On Sat, Jan 15, 2011 at 4:20 PM, G Hahn <gh...@cantab.net> wrote:
> Hi,
>
> the sage reference on
> http://www.sagemath.org/doc/reference/sage/schemes/elliptic_curves/constructor.html
> reads that the EllipticCurve constructor can either be used with N
> prime (>> EllipticCurve(GF(N), [a, b])) or with N composite (>>
> EllipticCurve(Zmod(N),[a,b])), where [a,b] are the curve parameters in
> simplified Weierstrass form. However, computing the cardinality only
> works when N is prime (in both cases: GF and Zmod).
> Hence Zmod/GF/EllipticCurve must be doing an is_prime or at least
> is_pseudoprime check. For ECM (Lenstra's Elliptic Curve Method) and
> particularly Goldwasser-Kilian/ECPP (elliptic curve primality
> proving), it would be useful to do computations on an elliptic curve
> and just pretend that N was prime.
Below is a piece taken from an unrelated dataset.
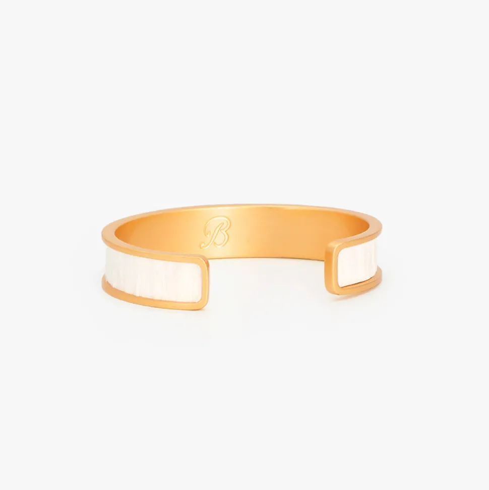 Brackish began with one feather bow tie designed by Ben Ross and gifted to his groomsman, Jeff Plotner. Since its inception, the brand has blossomed into full line of men’s and women’s accessories designed and handcrafted in Charleston, South Carolina with each piece focused on honoring the beauty found in nature. The Alba Thin Cuff is crafted by placing each feather perpendicular to the hardware to create a monochromatic ridged pattern. Highlighting the natural texture of the white rooster feathers, this piece pairs well with any occasion.

As the whole purpose of ECPP is to
> prove primality, an is_prime() call within ECPP would be useless.
>
> Is there a way to use EllipticCurve() for composite N and to call
> cardinality() without calling is_prime() ?
> Alternatively, is there a way to call EllipticCurve() with a
> pseudoprimality test only ? (calling is_pseudoprime() would be
> acceptable as pseudoprimality tests only require polynomial time).
> For N composite, the cardinality/Schoof-Elkies-Atkin algorithm should
> crash or return a curve order which doesn't lie within the Hasse
> interval (and thus proves compositeness).

Yes, GF does a primality check, as does the elliptic curve constructor
(indirectly, it calls is_field to determine the type of curve to
make). The ability to create a finite "field" object over something
known not to be prime would be a useful feature. One difficulty is
that if the assumption is that the order is prime, then there may be
algorithms which leverage this fact (and instead of crashing just
return invalid results if the field is not actually a field). In terms
of using EllipticCurve with composite N, one can (try to) do
arithmatic with the points and many other computations (this is what
you want, right?), but many of the cardinality algorithms won't work
(this is essentially the basic idea of ECM). I'm not so sure about SEA
failing detectably for composite N, especially an optimized version.